The example I am going to show today is using geopy, a Python library that places several geocoding API’s all in a convenient set of scripts. So first once geopy is installed you can call Python code within SPSS by placing it within a BEGIN PROGRAM and END PROGRAM blocks. Here is an example modified from geopy’s tutorial.


BEGIN PROGRAM.
from geopy import geocoders
g = geocoders.GoogleV3()
place, (lat, lng) = g.geocode("135 Western Ave. Albany, NY")  
a = [place, lat, lng]
print a
END PROGRAM.

Now what we want to do is to geocode some address data that is currently stored in SPSS case data. So here is an example dataset with some addresses in Albany.

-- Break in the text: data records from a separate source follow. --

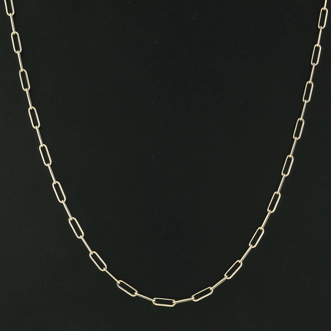 A new italian solid 14k yellow gold chain necklace. 22 inch open oval paperclip link chain, 7.48 grams total weight, pendant measures 3.5x2.3mm.
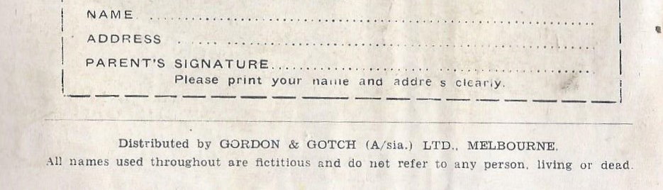 Drawn and printed in Australia by Jayar Studios and Invincible Press, Sydney, for the publishers, Barmor Publications Pty. Ltd., 81-83 Walker St., North Sydney. Distributed by Gordon & Gotch (A/sia) Ltd., Melbourne.
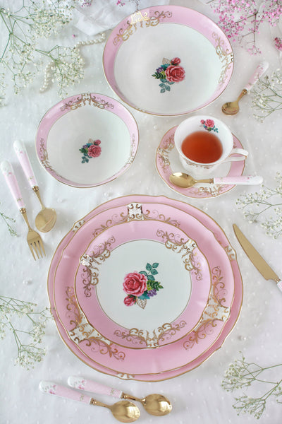 6 x Dinner Plate, 6 x Dessert Plate, 6 x Tea Cup. 6 x Tea Saucer, 6 x Cereal Bowl,
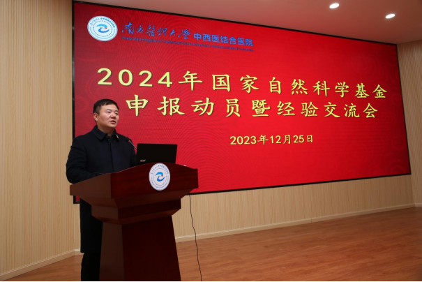 为推进2024年度国家自然科学基金申报工作,促进医院科研高质量发展,12月25日南方医科大学中西医结合医院在智慧诊疗中心会议室召开了“2024年度国家自然科学基金申报动员暨经验交流会”。会议由党委书记陈旭坚主持。
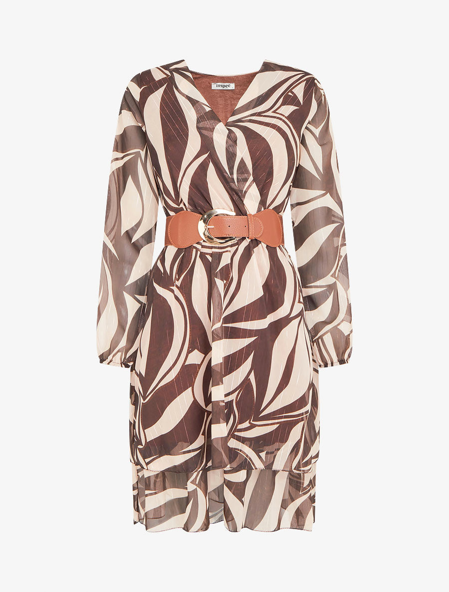 Robe patineuse en voile imprimé graphique - Marron - 1
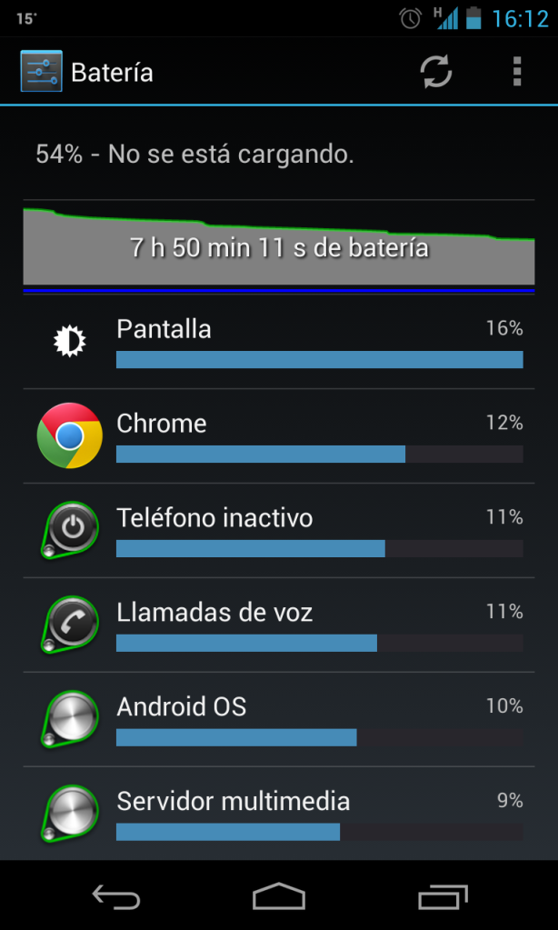 Yo hoy, después de dos semanas es la primera vez que llego con holgura a las 4 horas de pantalla. Comentar como curiosidad que es el primer día que tengo el Snapdragon Battery Gurú funcionando después de 4 días de aprendizaje y he notado una gran mejoría (o eso o que ayer he usado otro cargador).
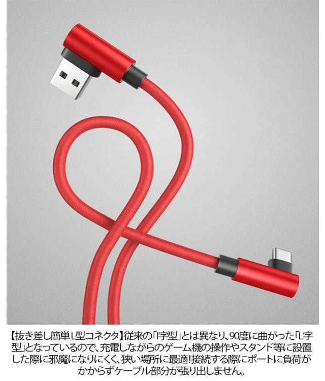 | 【1m/1.5m/2m/3m】 【2本セット】 【L字型】 【2本セット】 室内にも、車内にも、また持ち運び用もちょうど良い3mの長さで、しなやかさもあるので取り回しがやすいです。 【抜き差し簡単 L型コネクタ】 従来の「I字型」とは異なり、90度に曲がった「L字型」となっているので、充電しながらのゲーム機の操作やスタンド等に設置した際に邪魔になりにくく、狭い場所に最適!接続する際にポートに負荷がかからずケーブル部分が張り出しません。 【高耐久ナイロン線材】 高品質のナイロン編みによるケーブルは手触りがよく、耐久性もより高いです。日常のどのような場面でも対応し、接続が可能で、使用に便利です。柔らかくて、手触りもいいし、環境にも優しいケーブルです。 | |

DATA LIST LIST ("|") / Address (A100).
BEGIN DATA
135 Western Ave. Albany, NY
Western Ave. and Quail St Albany, NY
325 Western Ave. Albany, NY
END DATA.
DATASET NAME Add.

Here I will use the handy SPSSINC TRANS function (provided when installing Python programmability – and as of SPSS 22 installed by default with SPSS) to return the geocoded coordinates using the Google API. The geocode function from geopy does not return the data in an array exactly how I want it, so what I do is create my own function, named g, and it coerces the individual objects (place, lat and lng) into an array and returns that.


BEGIN PROGRAM.
from geopy import geocoders
def g(a):
  g = geocoders.GoogleV3()
  place, (lat, lng) = g.geocode(a)
  return [place, lat, lng]
print g("135 Western Ave. Albany, NY")
END PROGRAM.

Now I can use the SPSSINC TRANS function to return the associated place string, as well as the latitude and longitude coordinates from Google.


SPSSINC TRANS RESULT=Place Lat Lng TYPE=100 0 0
  /FORMULA g(Address).

Pretty easy. Note that (I believe) the Google geocoding API has a limit of 2,500 cases – so don’t go submitting a million cases to be geocoded (use an offline solution for that). Also a mandatory mention should be made of the variable reliability of online geocoding services.